Учительница нагнулась и, выставив округлый, как у кобылки, зад, стала быстро дописывать в низу доски последние строчки. И тут прямо в этот соблазнительный зад угодила пролетевшая мимо меня стрелка с перьями на хвосте и головкой, смазанной клейким варом из персикового дерева. По классу прокатился злорадный смешок. Сидевший сразу за мной стрелок, Дин Цзиньгоу, с важным видом помахал пару раз бамбуковым луком и поспешно спрятал его. Учительница отцепила стрелу, осмотрела, усмехнулась и бросила на кафедру, где та покачалась и застыла.
– Неплохо стреляете, – спокойно проговорила она, положила туда же указку и повесила на стул застиранную добела форменную военную куртку. И перед нами предстала совсем другая женщина. Белая блузка с короткими рукавами и отложным воротничком, перехваченная широким кожаным ремнём, почерневшим и лоснящимся от времени. Тонкая талия, высокая грудь, пышные бёдра. Широченные армейские брюки, тоже застиранные до белизны, и белые, по последней моде, туфли‑тенниски. Выглядела она очень эффектно, а чтобы усилить эффект, затянула пояс на последнюю дырочку. На губах у неё играла усмешка, она была очаровательна, как белая лиса. Но улыбка мгновенно исчезла и сменилась жестокостью белой лисы. – Только что вы довели учителя Цинь Эра, и он ушёл, – надо же, какие герои! – насмешливо проговорила она, взяв стрелу. – Кто же, интересно, этот чудо‑стрелок? – Она повертела стрелу, зажав тремя пальцами. – Может, Ли Гуан?[132]
|
Или Хуа Жун?[133]
Хватит ли ему духу подняться и назвать себя? – Она окинула нас холодным взглядом красивых чёрных глаз. Никто не встал, и она, схватив указку, шарахнула по столу. – Предупреждаю, чтоб никаких хулиганских выходок на моих уроках не было. Заверните их в тряпочку и отнесите домой своим мамашам.

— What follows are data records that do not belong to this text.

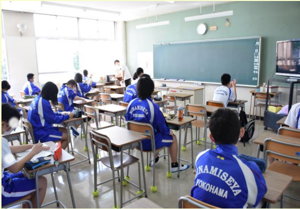
さみしかった教室が…
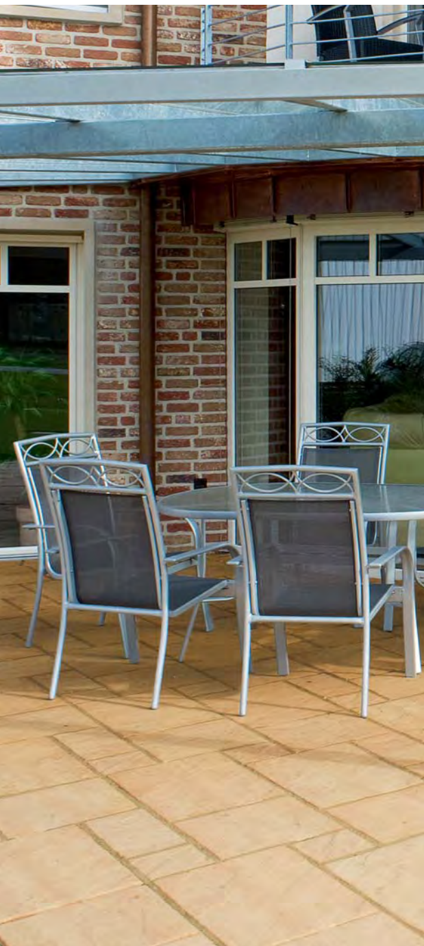
Tosca Terrassenplatten, sandsteinbeige
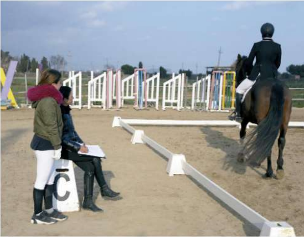
TÉCNICO DEPORTIVO HIPICA

► Bloque específico del TD1, que se cursa entre marzo y junio. Al final del primer curso los alumnos que lo aprueban obtienen el Certificado de Primer Nivel del TDH, documento que permite impartir legalmente clases de equitación según la Ley del Deporte.
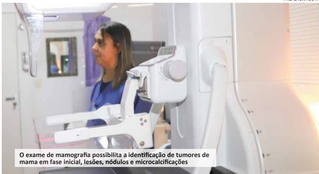
O exame de mamografia possibilita a identificação de tumores de mama em fase inicial, lesões, nódulos e microcalcificações

A Secretaria Municipal de Saúde realiza durante o mês de outubro atividades e atendimentos para o acolhimento às mulheres. São promovidas ações educativas para a população em virtude do Outubro Rosa. Além disso, diversas atividades serão realizadas pela pasta, em alusão ao tema.
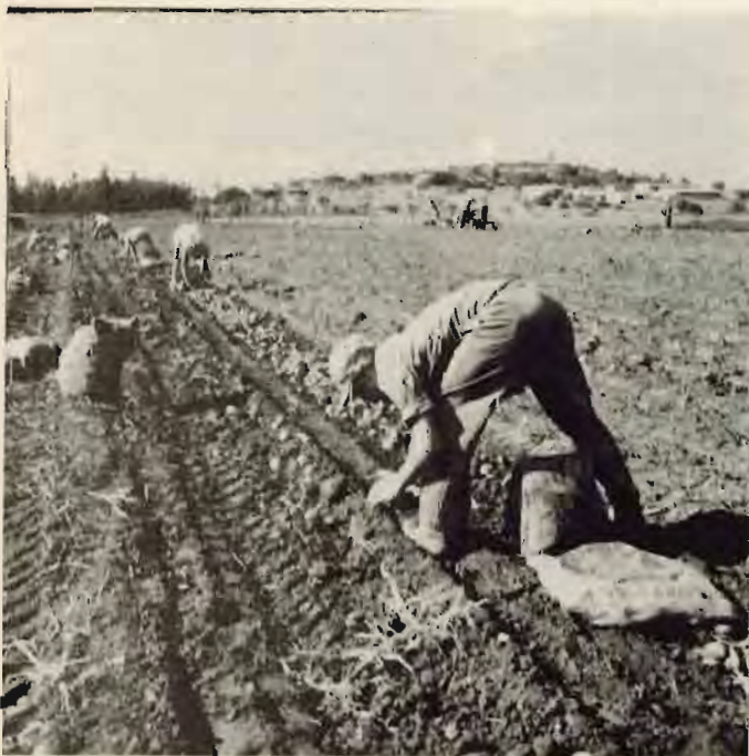
אישורף תפוחי אדמה - נוסח שנרות ה-50
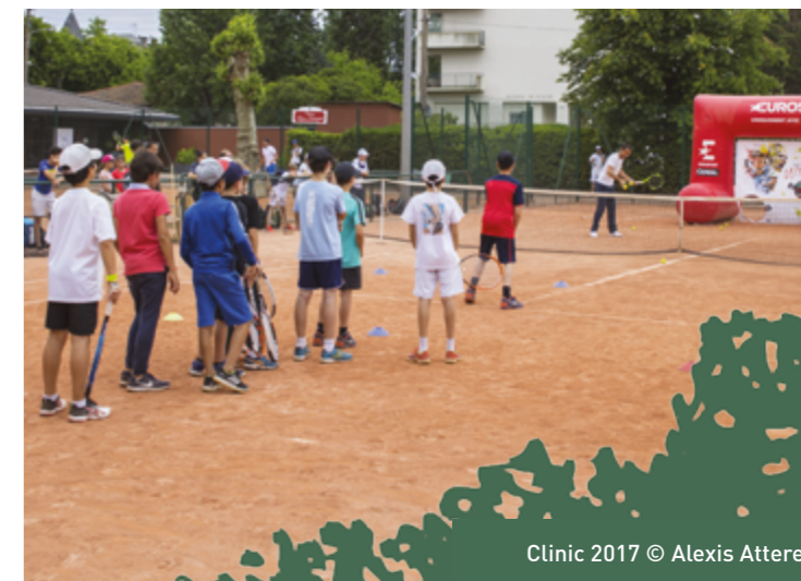
Clinic 2017

C'est désormais un rendez-vous quotidien, l'Afterwork vous attend à partir de 19h dans l'espace "Tie Break", où vous pourrez vous restaurer ou boire un verre tout en regardant la finale de l'Europa League !
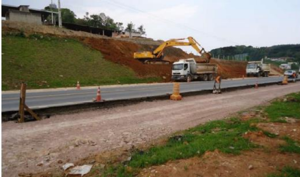
Figura 29 - Execução de Terraplenagem
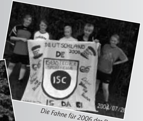
Die Fahne für 2006 der Damen.
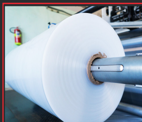
CUBIERTA DE PALETA ESTÁNDAR (80X120 Y 100X120)
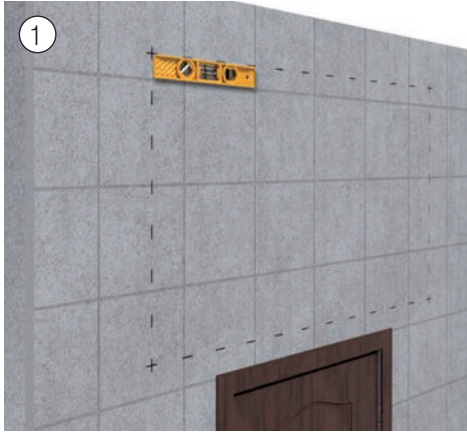
1 Ausmessen und anzeichnen des Montageortes. Measure and mark the installation site.
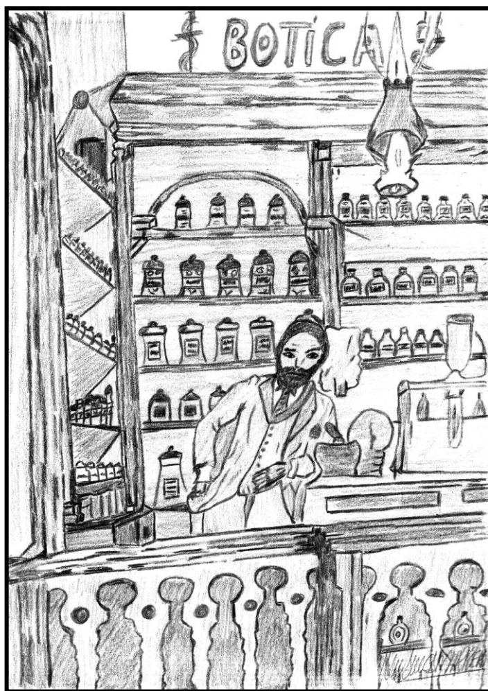
Botica de Santa María de Guía a comienzos del s.XX
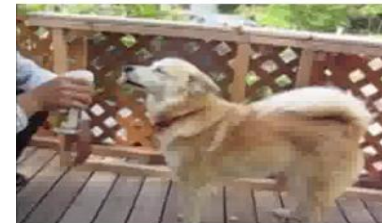
犬の匂いが消え毛並みも良くなった
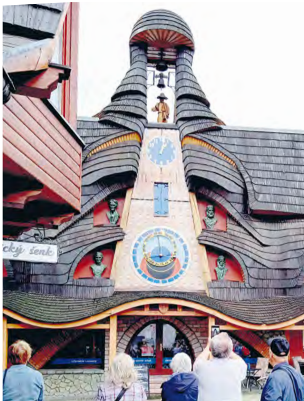
Členovia združenia pri Orloji v Starej Bystrici
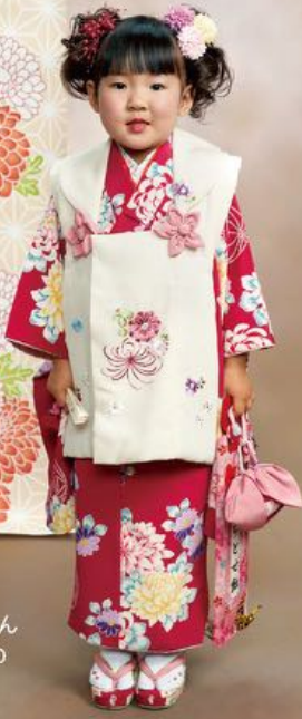
ゆうりちゃん 着物 3-50
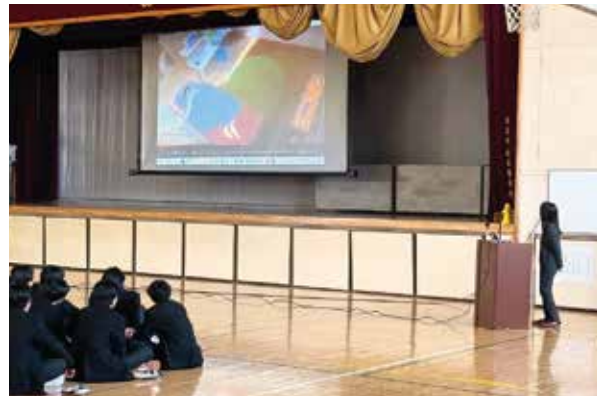
命の大切さを学ぶ教室の開催状況

犯罪被害者支援室では、社会全体で被害者を支え、被害者も加害者も出さない街づくりの気運の醸成を図る施策の一環として、犯罪被害者遺族等による「命の大切さを学ぶ教室(小・中・高校生対象)」及び「犯罪被害者支援講義(大学・専門学校生対象)」を行っています。

– А у меня мать умерла! – громко выкрикнул У Юньюй.
– У кого это мать умерла? Ну‑ка встань. – У Юньюй спокойно поднялся. – Выйди сюда, дай посмотреть на тебя.
В маслянистой, как змеиная кожа, шапочке, в которой он ходил круглый год, прикрывая проплешины, и которую, говорят, не снимал даже на ночь, даже купаясь в реке, У Юньюй молодцевато подошёл к кафедре.
– Как тебя зовут? – мягко улыбнулась учительница. У Юньюй с героическим видом назвался. – Меня, – обратилась она ко всему классу, – зовут Цзи Цюнчжи. Я сызмальства осталась без родителей и до семи лет обитала на куче мусора. Потом прибилась к бродячему цирку и какого только хулиганья и отребья в этих странствиях не повидала. Научилась выполнять трюки на велосипеде, ходить по канату, глотать мечи, дышать огнём, потом стала дрессировать животных – сначала собак, потом обезьян. Дошло дело и до медведей, а в конце концов и до тигров. Собаки у меня прыгали через обруч, обезьянки лазали по шесту, медведи катались на велосипеде, а тигры перекатывались через себя. В семнадцать лет я вступила в ряды революционной армии, сражалась, обагряя меч кровью врагов. В двадцать меня послали в Восточно‑Китайскую военную академию, где меня обучили спортивным играм, рисованию, пению и танцам. В двадцать пять я вышла замуж за Ма Шэнли, начальника разведки в службе безопасности, знатока боевых искусств, с которым могу драться на равных. Думаете, заливаю? – Подняв руку, она чуть поправила короткую стрижку. Пышущее здоровьем, смуглое лицо настоящего революционера, полные жизни, гордо выпирающие груди. По‑боевому вздёрнутый нос, тонкие, волевые губы и белые, как известь, зубы. – Я, Цзи Цюнчжи, даже тигров не боюсь, – произнесла она сухим, как древесный пепел, голосом, презрительно глядя на У Юньюя. – Думаешь, тебя испугаюсь? – Говоря эти полные презрения слова, она ловко просунула кончик длинной указки под край его змеиной шапочки и быстрым движением, будто снимая блин со сковородки, сдёрнула её. И всё это за какую‑то секунду.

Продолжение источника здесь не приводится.